CRD type definition¶
Dataset
package v1alpha1
import (
metav1 "k8s.io/apimachinery/pkg/apis/meta/v1"
)
// +genclient
// +k8s:deepcopy-gen:interfaces=k8s.io/apimachinery/pkg/runtime.Object
// Dataset describes the data that a dataset resource should have
type Dataset struct {
metav1.TypeMeta `json:",inline"`
metav1.ObjectMeta `json:"metadata,omitempty"`
Spec DatasetSpec `json:"spec"`
Status DatasetStatus `json:"status"`
}
// DatasetSpec is a description of a dataset
type DatasetSpec struct {
URL string `json:"url"`
Format string `json:"format"`
NodeName string `json:"nodeName"`
}
// DatasetStatus represents information about the status of a dataset
// including the time a dataset updated, and number of samples in a dataset
type DatasetStatus struct {
UpdateTime *metav1.Time `json:"updateTime,omitempty" protobuf:"bytes,1,opt,name=updateTime"`
NumberOfSamples int `json:"numberOfSamples"`
}
// +k8s:deepcopy-gen:interfaces=k8s.io/apimachinery/pkg/runtime.Object
// DatasetList is a list of Datasets
type DatasetList struct {
metav1.TypeMeta `json:",inline"`
metav1.ListMeta `json:"metadata"`
Items []Dataset `json:"items"`
}
Model
package v1alpha1
import (
metav1 "k8s.io/apimachinery/pkg/apis/meta/v1"
)
// +genclient
// +k8s:deepcopy-gen:interfaces=k8s.io/apimachinery/pkg/runtime.Object
// Model describes the data that a model resource should have
type Model struct {
metav1.TypeMeta `json:",inline"`
metav1.ObjectMeta `json:"metadata,omitempty"`
Spec ModelSpec `json:"spec"`
Status ModelStatus `json:"status"`
}
// ModelSpec is a description of a model
type ModelSpec struct {
URL string `json:"url"`
Format string `json:"format"`
}
// ModelStatus represents information about the status of a model
// including the time a model updated, and metrics in a model
type ModelStatus struct {
UpdateTime *metav1.Time `json:"updateTime,omitempty" protobuf:"bytes,1,opt,name=updateTime"`
Metrics []Metric `json:"metrics,omitempty" protobuf:"bytes,2,rep,name=metrics"`
}
// +k8s:deepcopy-gen:interfaces=k8s.io/apimachinery/pkg/runtime.Object
// ModelList is a list of Models
type ModelList struct {
metav1.TypeMeta `json:",inline"`
metav1.ListMeta `json:"metadata"`
Items []Model `json:"items"`
}
Crd samples¶
Dataset
apiVersion: sedna.io/v1alpha1
kind: Dataset
metadata:
name: "dataset-examp"
spec:
url: "/code/data"
format: "txt"
nodeName: "edge0"
Model
apiVersion: sedna.io/v1alpha1
kind: Model
metadata:
name: model-examp
spec:
url: "/model/frozen.pb"
format: pb
Controller Design¶
In the current design there is downstream/upstream controller for dataset
, no downstream/upstream controller for model
.
The dataset controller synchronizes the dataset between the cloud and edge.
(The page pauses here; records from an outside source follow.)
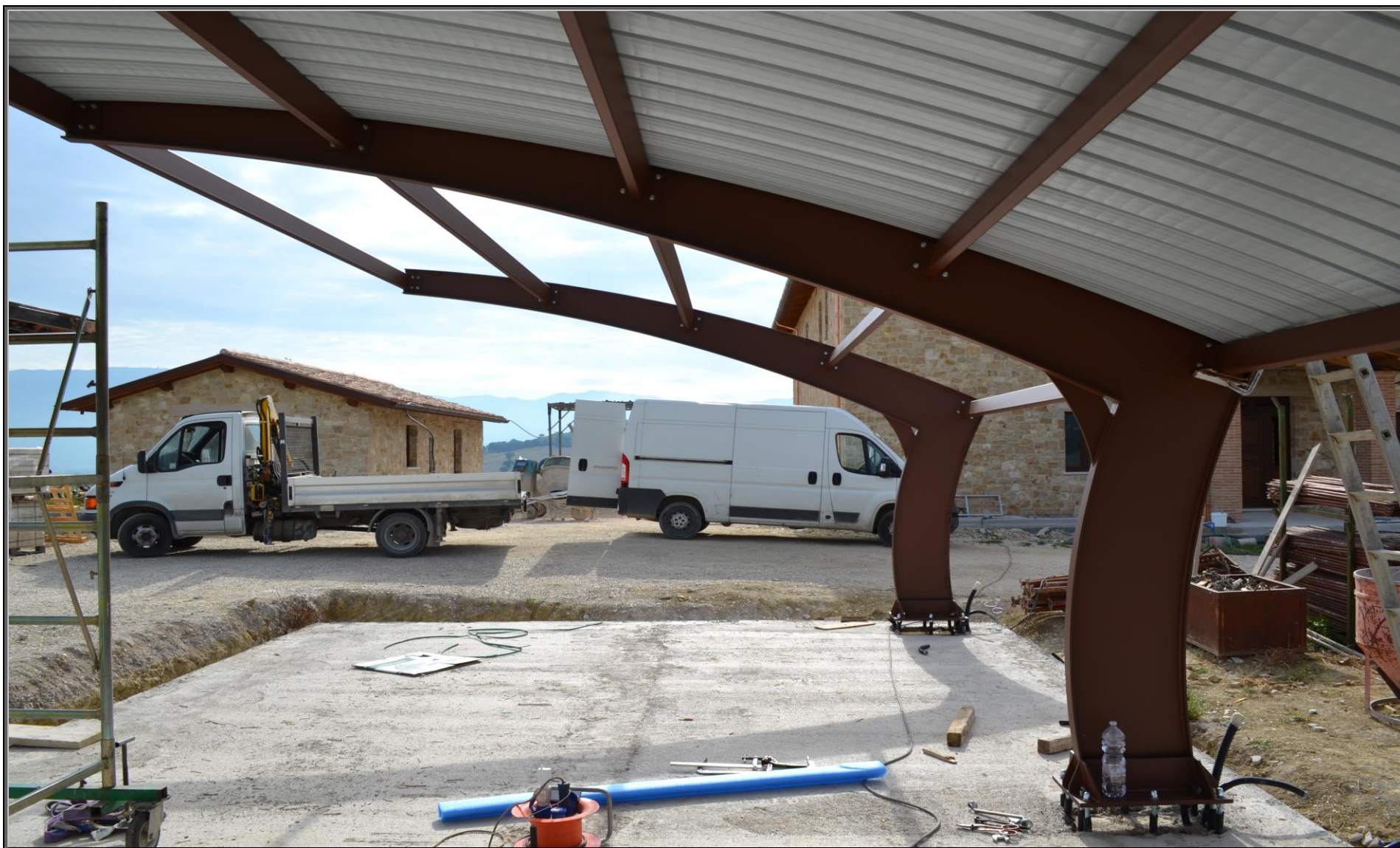
MODELLO: E-ONDA BASIC – COPERTURA: FOTOVOLTAICO 10.0 kWp
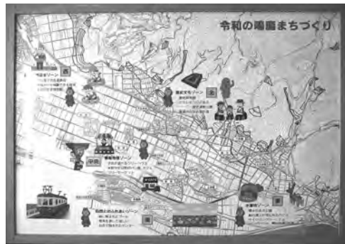
完成した「令和の鳴鹿まちづくり」パネル
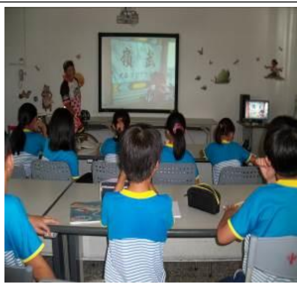
開心與單車達人合影↓
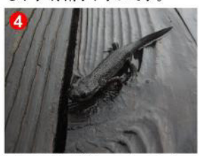
4 雨の日は木道にアカハライモリが出てくる場合があります。
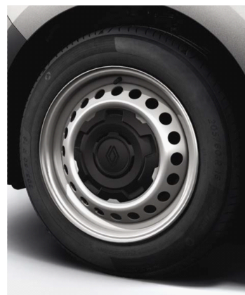
Τροχοί 16" & ελαστικά 205/60 R16
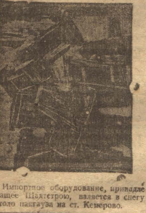
Импортированное оборудование, принадлежавшее шахте Шмаков, в настоящее время находится на ст. Кемерово.

согласилось с мнением рабочих и технических работников о переборке врубовой «Джефри» на подготовительные работы Диагональной шахты. 16 марта врубовая вывезена «на гора». Студентами-практикантами организован воскресник по ремонту, чистке врубовой. На днях врубовая «Джефри» будет спущена в основной штрек Диагональной шахты. Гринш В марте крепящий лес вывезти из Журавловской гавани На Журавловской гавани более месяца идет заготовка леса. Весь лес шахтовый, крепящий и распилочный, в большинстве сухой. Леса заготовлено более 20 тысяч кубометров, который необходимо вывезти до распутицы, т. е. лона хорошая дорога и лесотаске лесозавода. Для этого нужно мобилизовать всю конную силу города, Нем рудника и дер. Кемерово. Не следует доводить до того, когда невозможно будет ехать ни на санях, ни на телегах, как это было в прошлом году. Если лес не будет перевезен в марте, то он останется под угрозой быть унесенным разливом. Павлов
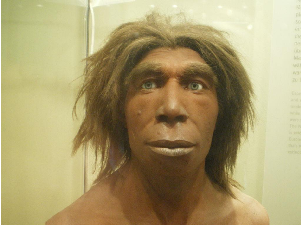
Рис.1 – неандерталец

В любом случае эти два вида имели достаточно отличий от их общего предшественника, то бишь от современного человека. По утверждению антропологов оба этих вида были гораздо ниже и шире в плечах сегодняшней модели человека, имели ряд отличий в строении черепной коробки. Лицо, а вместе с ним и губы, полости носа, разрез глаз, лобные доли были более расширены, нежели, чем у нынешних людей.
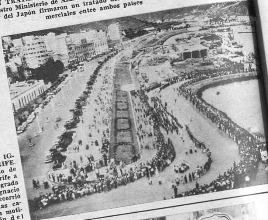
RELIQUIA DE SAN IG- NACIO, EN TENERIFE. Una vista del puerto de Santa Cruz de Tenerife a la llegada de la sagrada reliquia de San Ignacio de Loyola, que recorrió procesionalmente las calles tinerfeñas con motivo de la celebración del Año Ignaciano
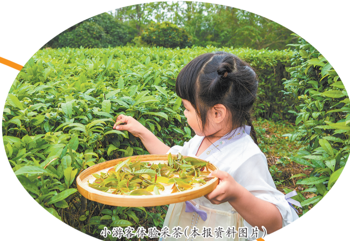
小朋友体验采茶(本报资料图片)
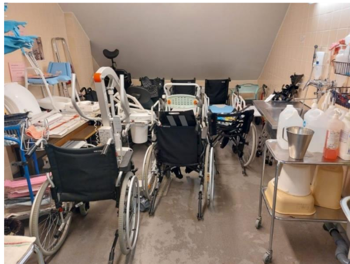
Bilder 1–3. Översiktsbild av hjälpmedelsförrådet och -tvättrummet i mellersta området.
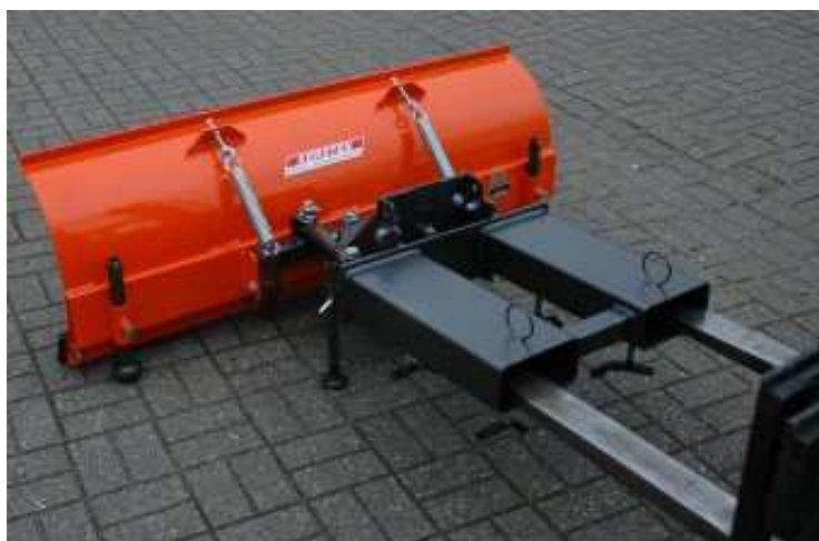
Photo 1 Fixation sur le chariot
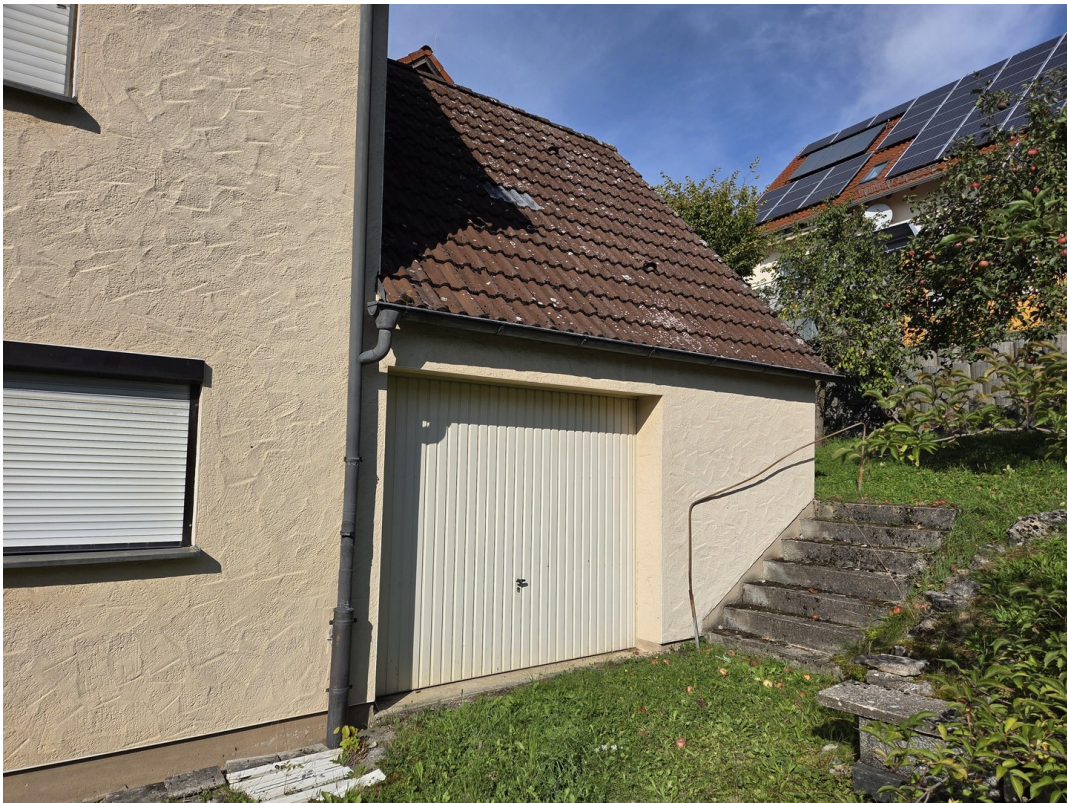
Ansicht Garage außen
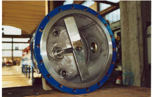
Vista interna del pressofiltro da laboratorio DN 300 smontato Interior view of laboratory press filter DN 300, disassembled
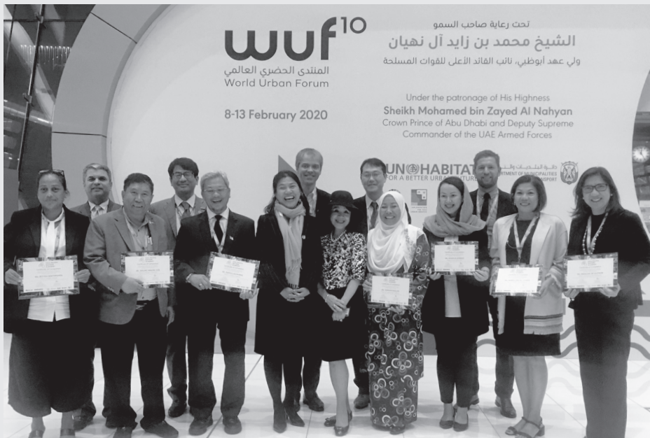
第10回世界都市フォーラムのセッションにて
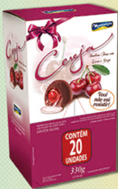
Cód: 2006 Bombom Cereja ao Licor 330g
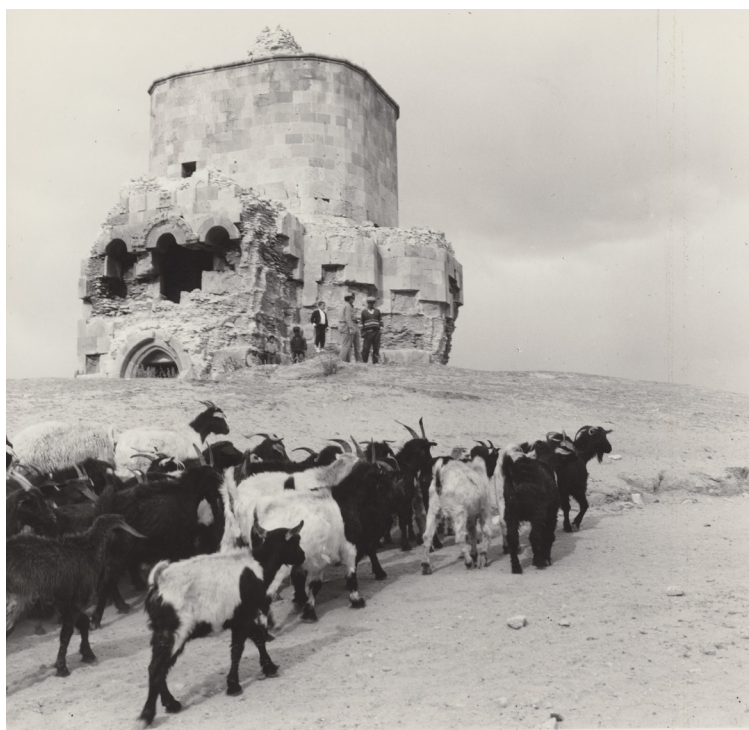
Figura 6 Kars, chiesa detta Beşik Camii, XI secolo. 1967.
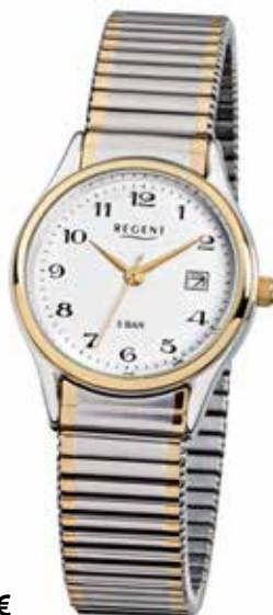
F-461 69,90 €
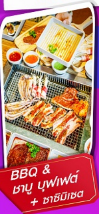
BBQ & ภูเขา บุฟเฟ่ต์ + ซาชิมิสด

บุฟเฟ่ต์นานาชาติ บนบ้านน้ำฮิลล์ 1 มื้อ และ SEAFOOD 1 มื้อ
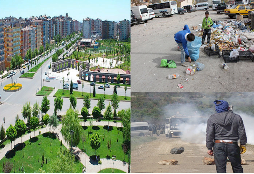
Resim 1: Diyarbakır'ın İki Yüzü 1

Görüldüğü gibi Diyarbakır kenti genel olarak katılımcıların zihninde tezatlıklarla şekillenen bir algıya dönüşmektedir. Geleneksel ve modern olanı bir arada barındıran kentte, kentsel yoksulluk ve zenginlik de en yoğun şekilde tecrübe edilmektedir. Diyarbakır kimi zihinlerde filmlerde izlenen “Teksas” gibi gelişmemiş ve çağdışı bir yer olarak belirirken kimi zihinlerde de “Paris” gibi modernliğin ve lüksün merkezi olarak billurlaşmaktadır.
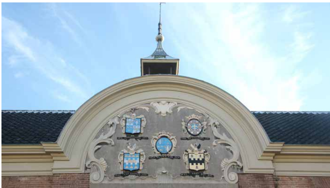
Voorgevel van het Hofje van Mevrouw van Aerden, met wapenschilden van de eerste regenten en die van de stichteres in het midden.

Een aanvraag kan het hele jaar ingediend worden, mits voorafgaand aan de start van de werkzaamheden, en kan bijvoorbeeld worden aangevraagd voor verduurzamings- en energiebesparende maatregelen. De hoogte van de lening wordt gebaseerd op een begroting van een aannemer en kent een maximum van 1 miljoen euro. De financiering wordt beoordeeld op basis van de jaarcijfers van de aanvrager. Als zekerheid wordt een hypotheek gevraagd. Het Restauratiefonds ver-
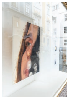
Quarantäne, Crazy Wall Ausstellungsansicht Galerie WHA, 2020
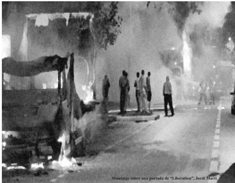
Muntatge sobre una portada de "Liberation", Jordi Martí

Entre els barris de moltes ciutats franceses crema-ven en les nits de novembre, els periodistes mediàtics catalans es miraven amb més desconfiança de l'acostumada els carrers dels barris de les nostres ciutats buscant els rastres i els senyals que anunciessin que aquí el contagi havia arribat. Que havia arribat o que arribaria més aviat o més tard, com si es tractés d'una grip aviària. Buscaven justificar la seva teoria sobre les guspies que han fet explotar els litres de gasolina incendiats, llençats contra col·legis, cotxes, supermercats... El foc ha cremat més de vuit mil cotxes en setmanes successives, dia rere dia, i desenes d'edificis administrats per l'Estat, nit rere nit, amb un constant enfrontament entre joves i policia en què uns i altres
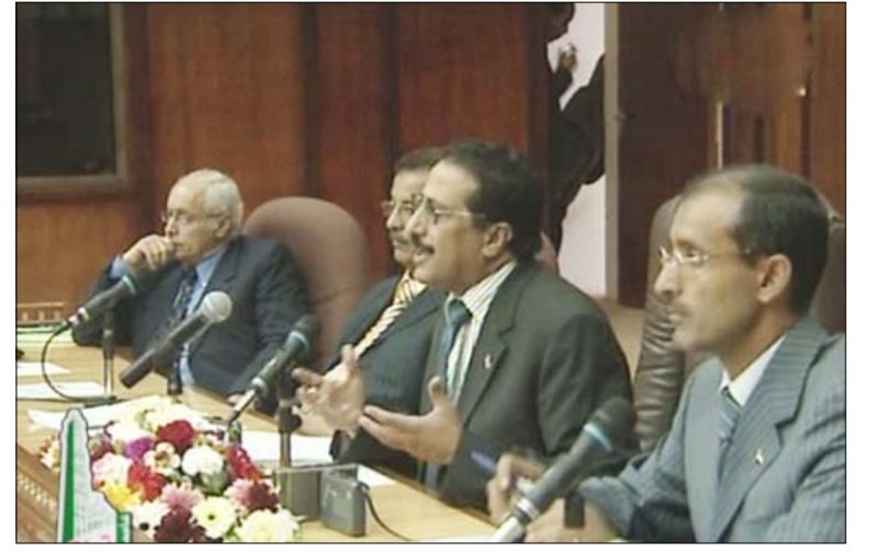
د. الجوفي في ختام ورشة العمل الخاصة لقيم الولاء الوطني

كما أوصى المشاركون بإعادة مصفوفة المحتوى في وثائق المناهج بما فيها المواد الإنسانية وتصميمها على أسس علمية سليمة وبنائها في ضوء مرجعيات موحدة على أساس منهج واحد. وشددوا على ضرورة الاهتمام بتوفير النشاطات التي تعزز حب الوطن والتأكيد على القدوة الحسنة عند اختيار المعلم وتدريبه أثناء الخدمة وتزويد الطلاب بالقدرة المناسبة من المعلومات الثقافية عن الوطن وقيم الولاء والانتماء الوطني. حضر اختتام الورشة نائب وزير التربية والتعليم الدكتور عبدالله الحامدي وعدد من القيادات التربوية.
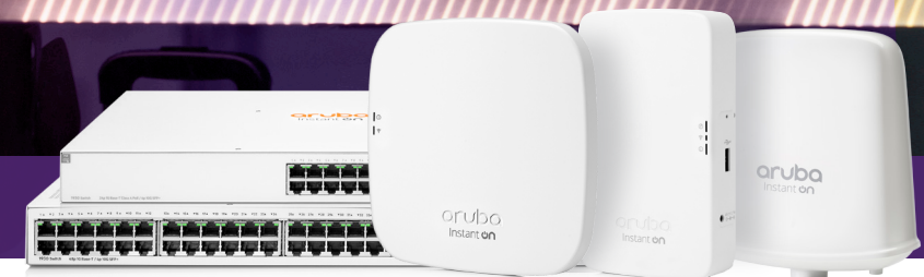
1930 24G 4SFP/SFP+/ 48G 4SFP/SFP+ AP12 AP11D AP17

WLAN-Erfahrung auf den Zimmern gewünscht sind. Die Instant On-Switches der Serie 1930 mit 24 und 48 Ports sind ideal, um Geräte wie Überwachungskameras, WLAN-Access Points und intelligente Türschlösser zu betreiben. Sie erhalten eine robuste und kosteneffektive Netzwerklösung, die Zufriedenheit bei Gästen und Belegschaft sicherstellt. Besser noch: dank einfacher Softwareabstimmung ist gewährleistet, dass von Streamingdiensten über Sicherheitskameras bis hin zu betriebswichtigen Systemen alles harmonisch zusammenarbeiten kann.
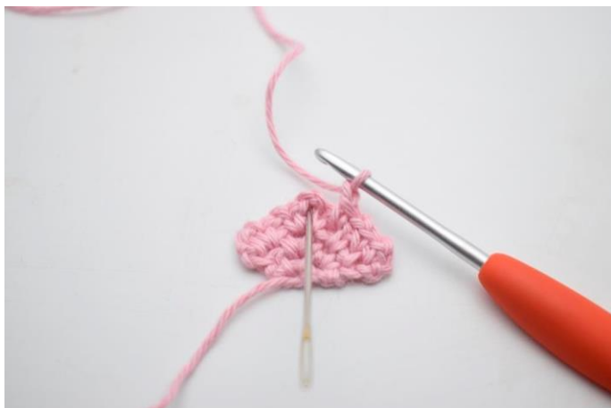
11. I lm-buen fra forrige række hækles 1 fm, 2 lm og 1 fm.
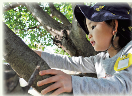
心地よく自然を感じる
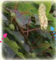
128 ヤチダモ雌株(果実)
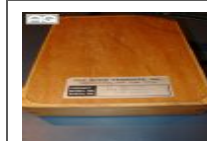
Varie TICE TPT: Line... € 100,00
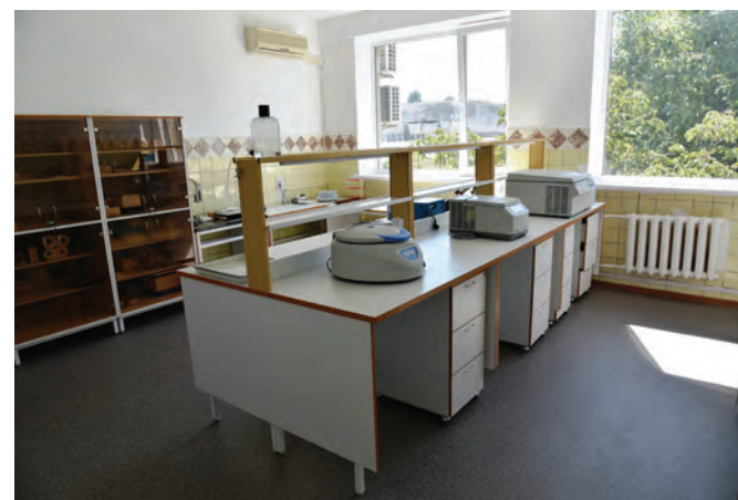
Общий вид помещений лаборатории молекулярной биологии
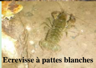
Ecrevisse à pattes blanches
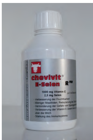
Abb. 4: Chevivit E-Selen® biotaugliches Ergänzungsfuttermittel – enthält Vitamin E und Selen

Futtermittel sind eindeutig auf der Verpackung und/oder auf dem Sackanhänger als solche gekennzeichnet, auch jene, die von Tierärzten abgegeben werden (z. B. Ergänzungsfuttermittel, Diätfuttermittel).
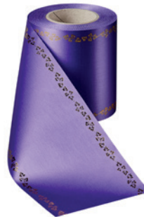
Art.-Nr.: 06738 Farbe: 085 lila
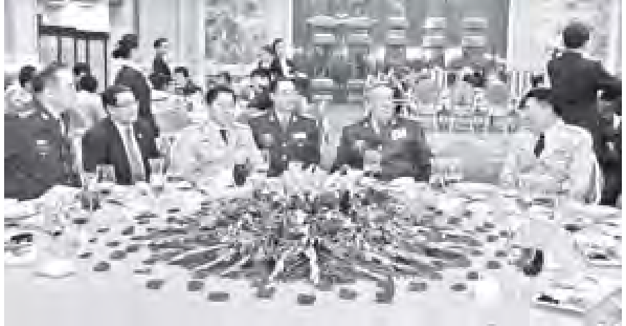
ထို့နောက် နှစ်နိုင်ငံတပ်မတော်ခေါင်းဆောင်များသည် လက်ဆောင်ဖွဲ့စည်းများ အပြန်အလှန်ပေးအပ်ကြပြီး အခမ်းအနားကိုရုပ်သိမ်းကာ ခေတ္တတည်းခိုမည့် Kuntai Royal Hotel ၌ ညအိပ်ရပ်နားခဲ့ကြောင်း သတင်းရရှိသည်။ (သတင်းစဉ်)
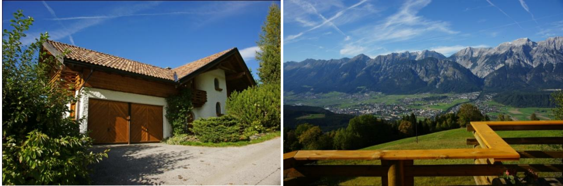
Außenansichten – Ausblick von Terrasse
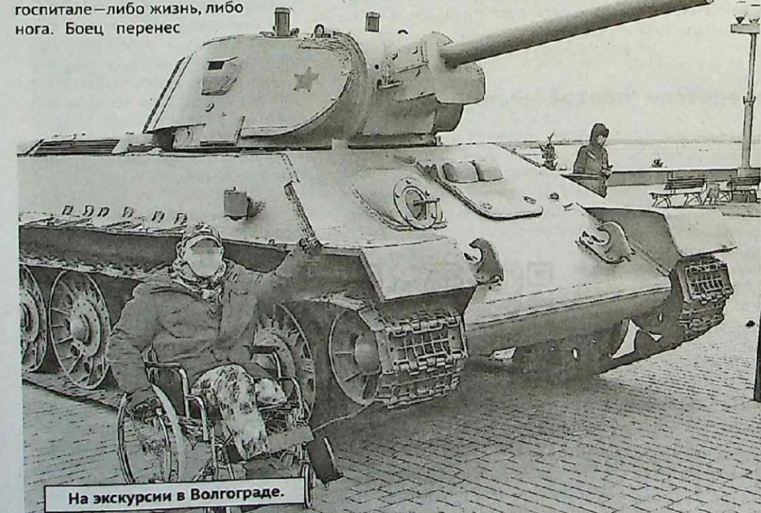
На экскурсии в Волгограде.

комиссариата РБ (г.Уфа, ул.Революционная, 156)
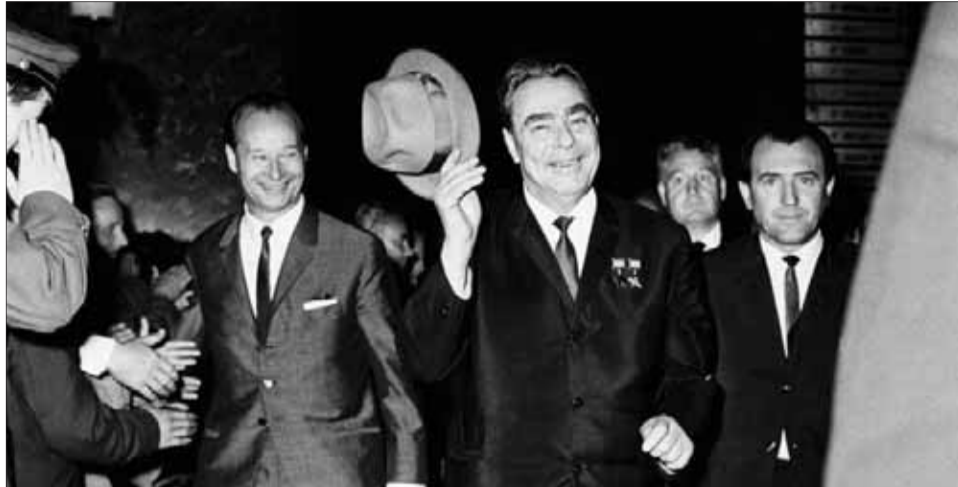
Leonid Brežnev s falošným úsmevom falošného hráča, ktorý po schôdzke v Čiernej nad Tisou hodil DUBČEKA cez palubu a ku kormidlu v ČSSR posunul Biľaka (vpravo).

Postoj jednej z najmohutnejších západoeurópskych komunistických strán – Talianskej komunistической strany, k reformnému hnutiu Dubčekovej jari je slovenskej verejnosti takmer neznámy. Pritom talianski komunisti sa zaslúžili o to, že Dubček ako symbol „socializmu s ľudskou tvárou“ pretrval obdobie normalizácie a v konečnom dôsledku bol aj ich zásluhou rehabilitovaný. Januárové plénum Komunistickej strany Československa v roku 1968, na ktorom bolo zvolené nové proreformné vedenie, talianska komunistická tlač hodnotila pozitívne.

downstream: synchronize the dataset info from the cloud to the edge node.
upstream: synchronize the dataset status from the edge to the cloud node, such as the information how many samples the dataset has.
Here is the flow of the dataset creation:
For the model:
Model’s info will be synced when sync the federated-task etc which uses the model.
Model’s status will be updated when the corresponding training/inference work has completed.